Tuesday, April 23, 2013

Experiential Journal: Split Estate and GasLand Drill into Gas and Oil Issues


By Steven Aliano

Split Estate is such a remarkable documentary, so much so that I don’t know where to start in my review. I think the one thing that I took away from the film was how hard of a battle residents and citizens have to put up with the wells and drilling from the oil and gas companies nearby. The split estate situation in general, where residents have the rights to the land, but the government or other private institutions own the minerals underneath, was very interesting. You have to figure in also that these companies have so much political pull, as the demand for natural gas and oil is still so high, that they’re able to do these drills on people’s property without many repercussions.


The film does bring up the fact that the profits made by these companies could allow them to create safer practices in controlling their harmful runoffs such as contaminated water and gases released into the air. These companies lobby for so long saying that these do not run the risk of health effects, but they either soon own up to it or are forced to until new legislation. They seem so legitimately evil, and the people in the documentary who try to defend them are equally so. I couldn’t help but have an evil look and laugh at whatever they had to say whenever they appeared in an interview in the film.


The accounts by “neighbors” of the drills mentioned earlier really made the film. Just seeing how people’s land have been taken away from them when they have owned it for decades running in the family, as well as how all the released chemicals do such a harm to many people’s health was so poignant in the film. 


One of the issues brought up in the film was how when these people try to fight back against the government and these companies, there are always loopholes that these organizations use to ensure that they continue to do what they do and make money. It leads the people to be “exhausted” in their fight and move away (sometimes simply walking away from their homes that they can’t really resell). The funniest thing is that when these people do move, their health beings to improve, however slight in nature. How can anyone say that these drills aren’t causing problems for citizens? 

When it’s evident that more and more wells and rigs are going to be put in in the future, what does that mean for the residents? More people will get sick, more will complain, more will move. This film is a high recommendation, and it makes me want to see more money, time, and effort, put into alternative, renewable resources for energy and fuel immediately.

GasLand Gets Personal


GasLand takes on where Split Estate left off, since it came out a year after. Director Josh Fox shoots GasLand in a style very reminiscent of Michael Moore, which is what drew me into the film right from the start. It shines facts and statistics at you rapidly, has a very distinct camera shooting makeup, and is inspired by the director’s own personal story behind the film (Fox lives in Pennsylvania and had his house in line with a major fault, threatening the split estate situation that is explained in Split Estate).

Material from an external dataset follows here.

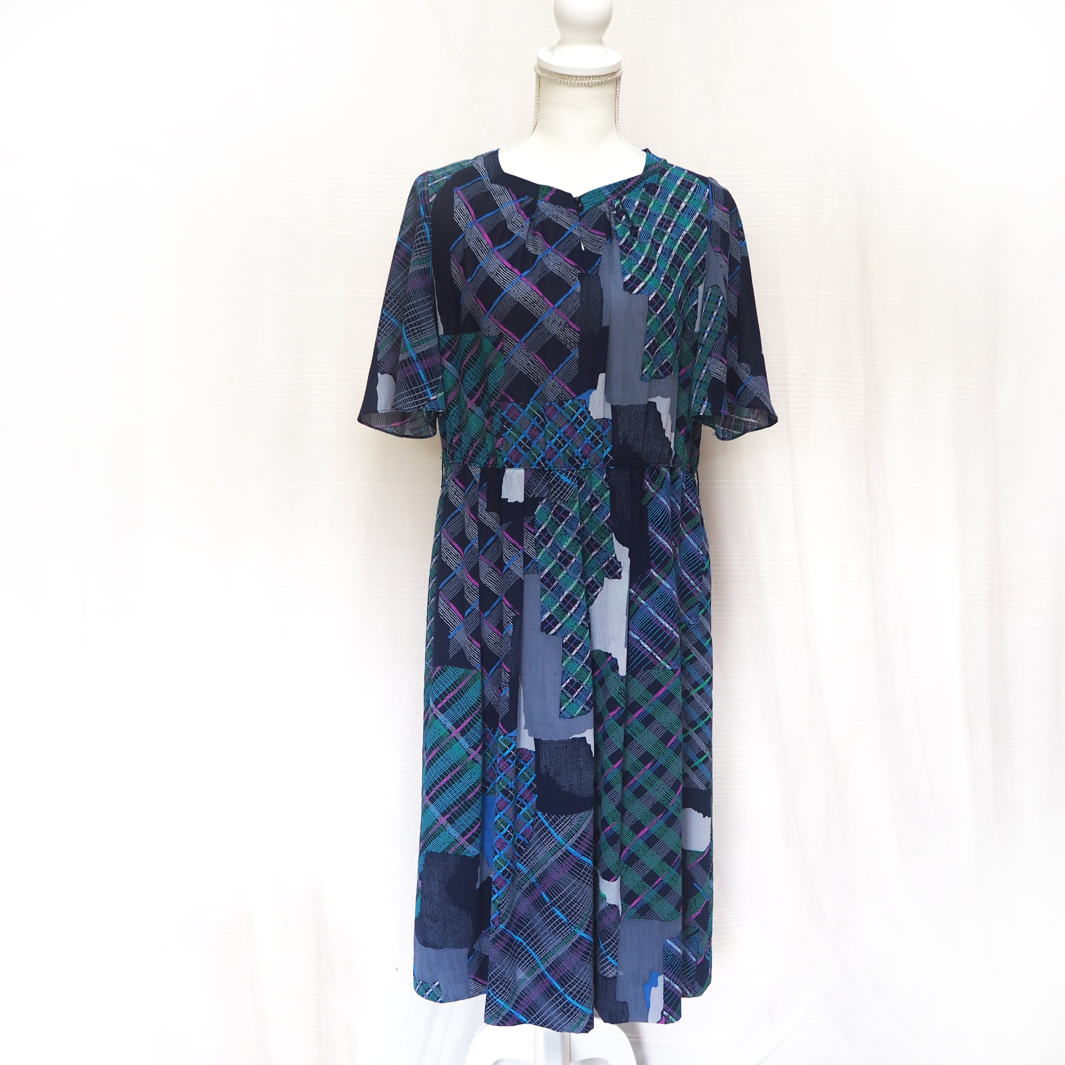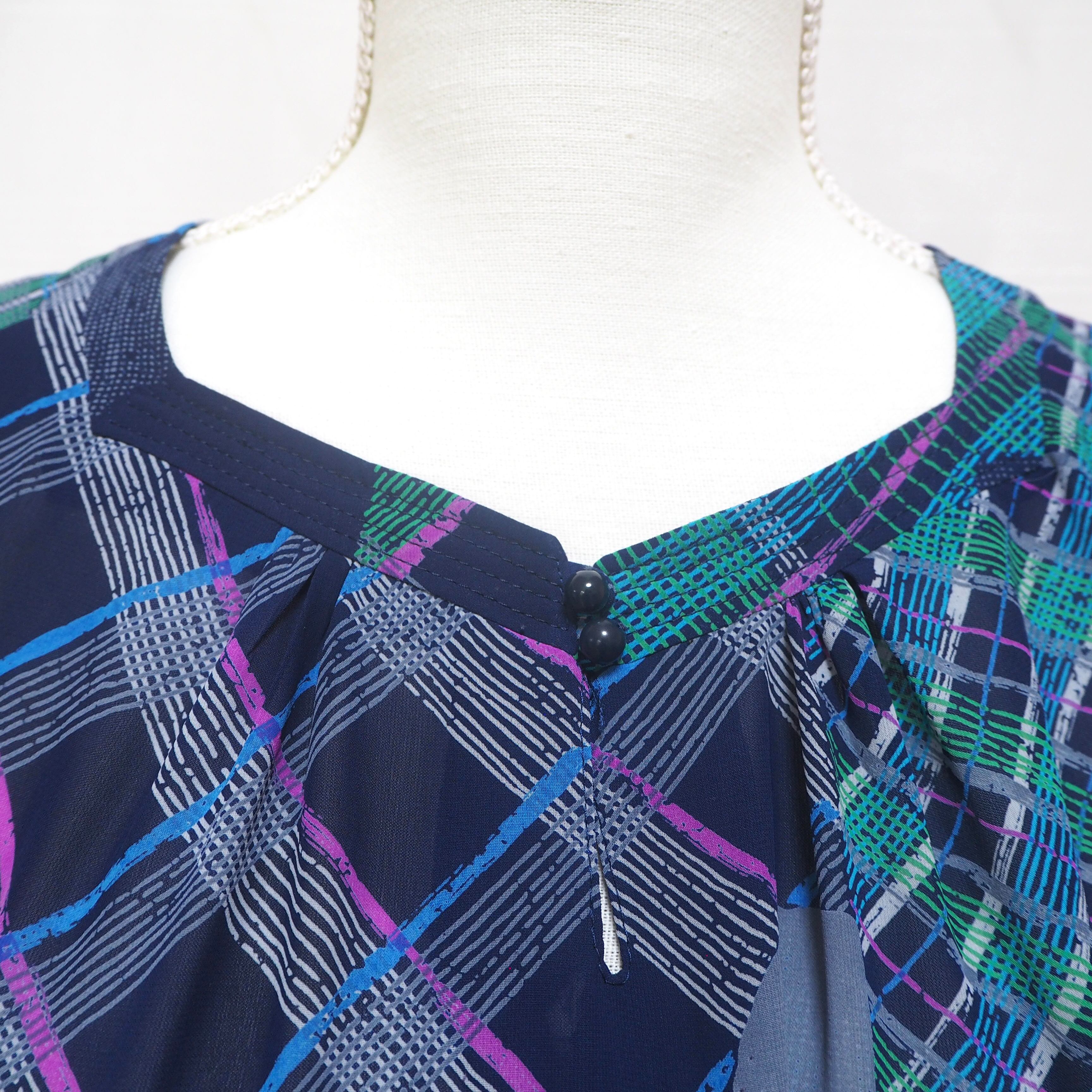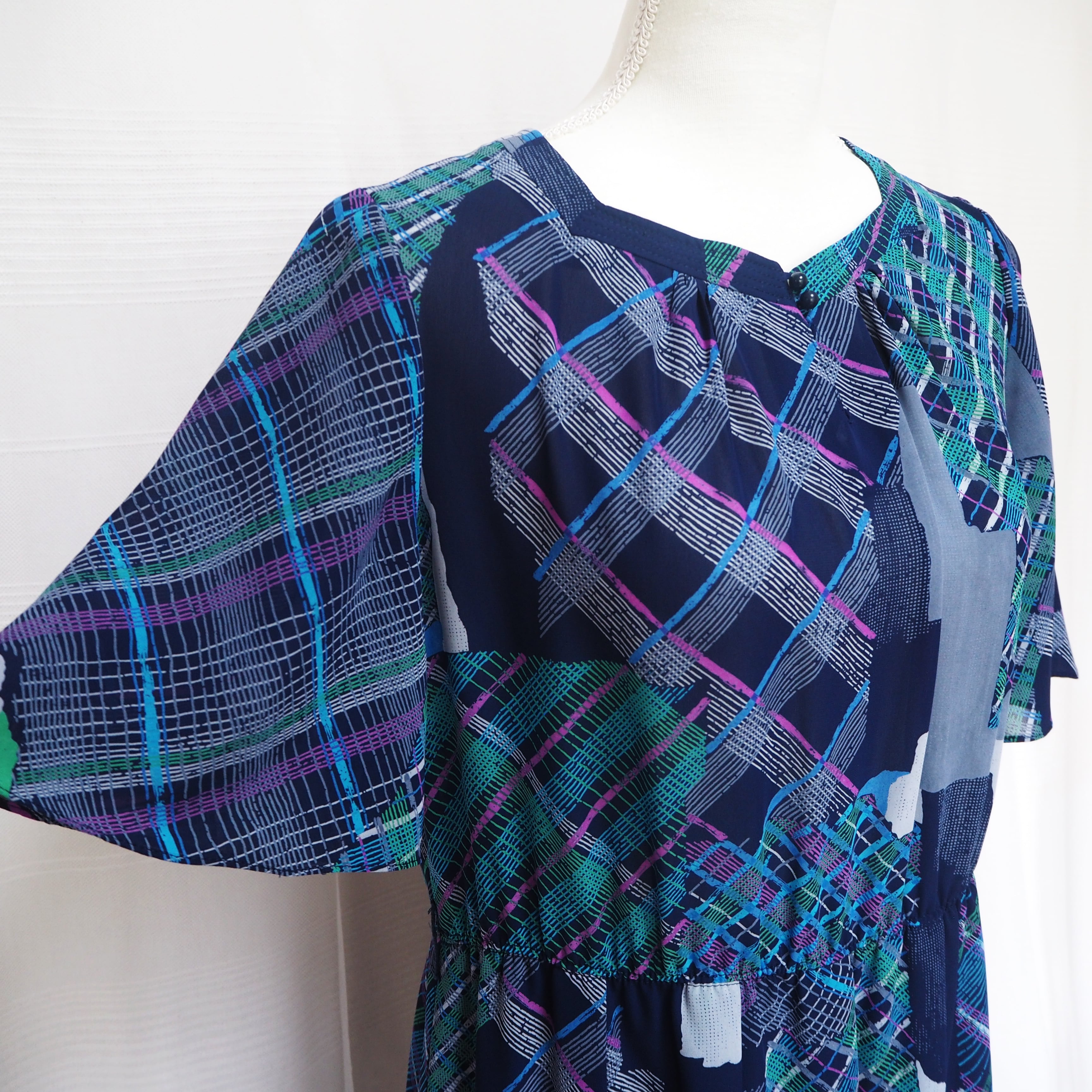 ネイビー、グリーン、パープルのランダムチェックのワンピース。

GasLand focuses mostly on the contaminated water aspect of fracking, whereas Split Estate tries to embrace the whole mixture of other problems coming from these drillings. Both documentaries hold their groundwork in other peoples’ stories. Families from states in the Rocky Mountain West come out to share how these drillings have personally affected them. I also like how GasLand goes more into the “anatomy” of a well, with its drills and pads, succinctly.


Overall, whereas Split Estate was more serious and a little more professional in its presentation, GasLand is more aggressive and almost angry in its tone, presumably from Fox’s own personal tragedy of dealing with his situation in Pennsylvania. You could definitely sense it when he describes playing in the creeks near his house when he was a kid. Later in the film, he inspects a creek that has been contaminated in the Rocky Mountain West, and a certain bend of the creek brings back memories of his childhood, to which he almost breaks down on camera. His own narration throughout the film in addition also gives it a more sensual feel than Split Estate, although that documentary was still touching.